With James's permission, I would like to introduce an initiative of his that he and I have been working on: the CIF data model. This is a
logical model with which the structure and data content of any CIF can be described, and I present it to the group with the intention that it should serve at least two purposes:
1) most importantly, to provide a common vocabulary with which to discuss the form and parts of CIFs, but also
2) as a reference against which whatever physical data models we later consider can be validated and compared.
The need for (1) particularly struck me as I was compiling the
requirements list.
I emphasize that this logical model is not proposed to be directly translated into a physical model. On the other hand, any physical model that adequately covers the CIF API's problem space by necessity has a subset that maps to the logical model presented here:
(1) A CIF FILE is a set of zero or more (BLOCKNAME, DATABLOCK) pairs, wherein all the BLOCKNAMEs are distinct
(2) A DATABLOCK is a CONTAINER plus zero or more (FRAMENAME, SAVEFRAME) pairs, wherein all the FRAMENAMEs are distinct
(3) BLOCKNAMEs and FRAMENAMEs are sequences of one or more Unicode code points from the CIF character set, excluding CIF whitespace
(4) A SAVEFRAME is a CONTAINER
(5) A CONTAINER is a set of zero or more LOOPs satisfying the constraints described in (9) and (10)
(6) A LOOP is a collection of one or more PACKETS for a DOMAIN
(7) A DOMAIN is a set of DATANAMEs (see note ii)
(8) A PACKET for a given DOMAIN is a mapping from each DATANAME in that DOMAIN to a DATAVALUE
(9) Each CONTAINER contains at most one single-PACKET loop (see note iii)

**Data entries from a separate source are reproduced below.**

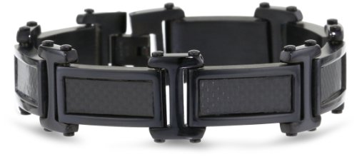 Men's Black-Tone Stainless Steel Carbon Fiber Bracelet
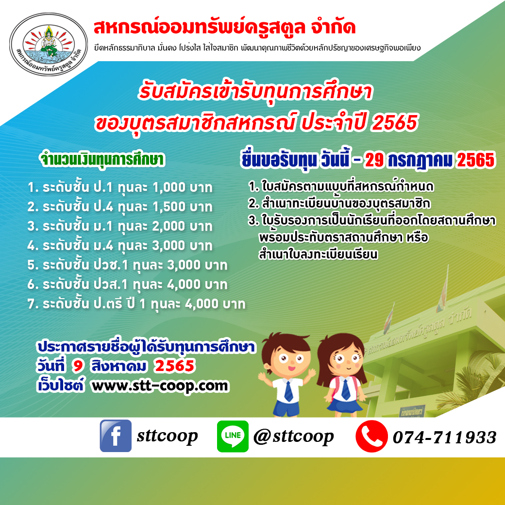ด้วยสหกรณ์ออมทรัพย์ครูสตูล จำกัด โดยมติที่ประชุมคณะกรรมการดำเนินการ ชุดที่ 56 ครั้งที่ 6/2565 เมื่อวันที่ 24 พฤษภาคม พ.ศ. 2565 มีมติให้สหกรณ์ฯ ประกาศรับสมัครบุตรของสมาชิกสหกรณ์ออมทรัพย์ครูสตูล จำกัด เข้ารับทุนการศึกษาประจำปี 2565 โดยรับสมัครตั้งแต่วันที่ 1 มิถุนายน – 29 กรกฎาคม 2565 ในวันและเวลาทำการ ณ สำนักงานสหกรณ์ออมทรัพย์ครูสตูล จำกัด และสำนักงานสหกรณ์ออมทรัพย์ครูสตูล จำกัด สาขาละงู
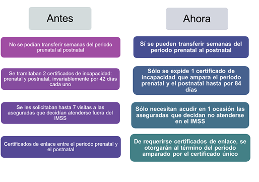 Con ello, desde el 1 de julio pasado, señaló, ya no es obligatorio para las mujeres tomar seis semanas previas al parto y seis semanas después; ahora podrán traspasar de 1 hasta 4 semanas del periodo prenatal al postnatal, lo que incrementará hasta un 66 por ciento el tiempo que pasan con sus bebés, con los beneficios que esto implica para la lactancia materna.
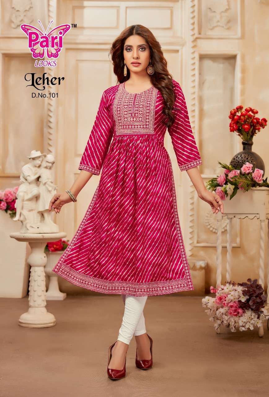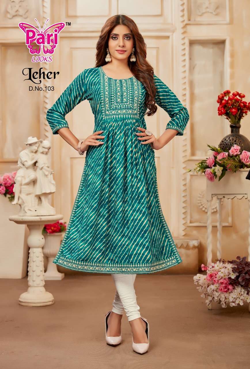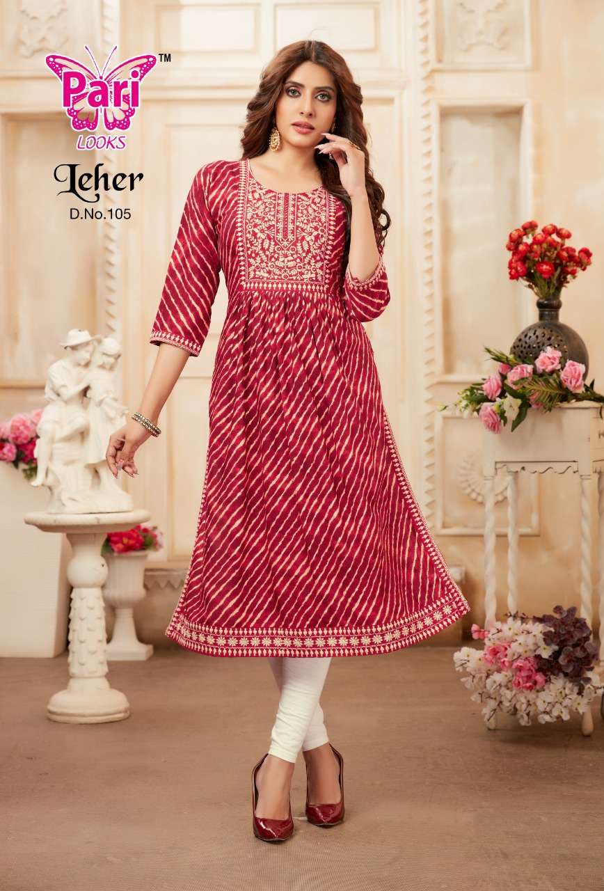 pari leher rayon foil print and work nyraa cut pattern kurti bulk orders
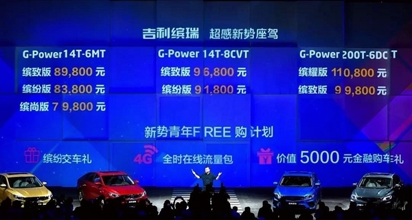 吉利汽车集团副总裁、销售公司总经理林杰宣布吉利缤瑞的价格
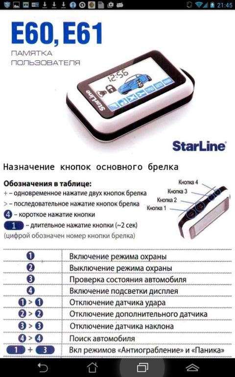 Hal ini mudah untuk memiliki di tangan jika Anda menyimpannya dalam versi kertas dari mobil, hanya dalam kasus download untuk smartphone Anda, dan (atau) tablet. Hal ini dapat membantu dalam keadaan darurat, jika Anda lupa cara mengaktifkan anti perampokan atau hilang Starline sinyal kunci.
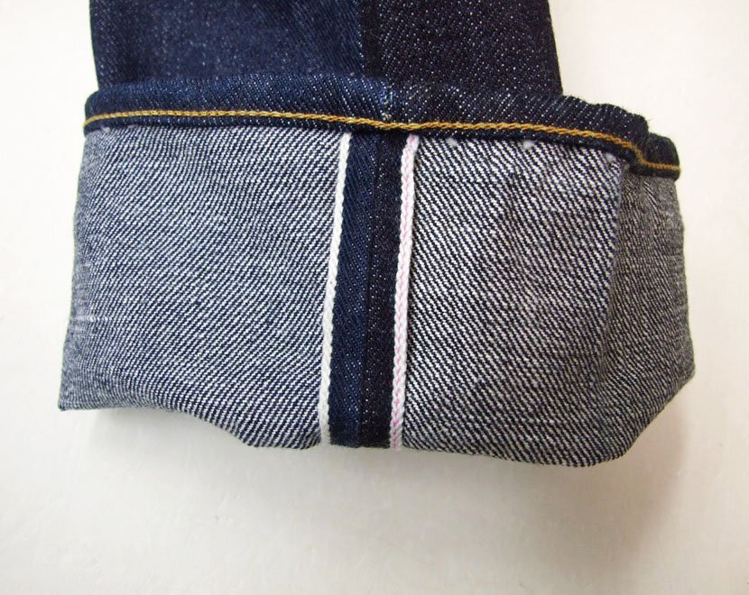 このジーンズは3種類の異なる織り方のデニムを組み合わせて作られています
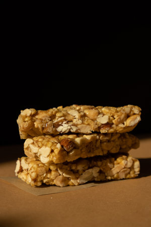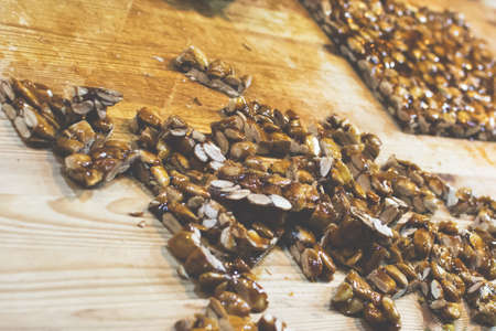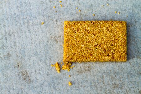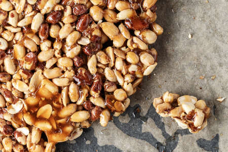 Vegetarian sweets. Granola bars made of sesame seeds, peanuts, cashew nuts, sunflowers seeds, oil and honey.

(10) All DOMAINs of all LOOPs in the same CONTAINER must be disjoint
(11) A DATAVALUE is any one of TABLE, LIST, MAYBENUMB, CHAR, NUMB, NULL, or UNKNOWN
(12) A TABLE is a set of zero or more (KEY, DATAVALUE) pairs, wherein all the KEYs are distinct
(13) A KEY is a CHAR
(14) A LIST is an ordered sequence of zero or more DATAVALUEs
(15) MAYBENUMB is a (NUMB, CHAR) pair, constituting separate numeric and character interpretations of one value (see note v)
(16) A CHAR value is a sequence of zero or more Unicode code points
(17) A NUMB value is a (NUMBER, NUMBER) pair, constituting a numeric value and its standard uncertainty
(18) NUMBER is a numeric value
(19) NULL and UNKNOWN are primitive values
Note that:
(i) The word "set" is used to imply order-independence.
(ii) DATANAME is the same as "data name" as described in the CIF 2.0 syntax specification.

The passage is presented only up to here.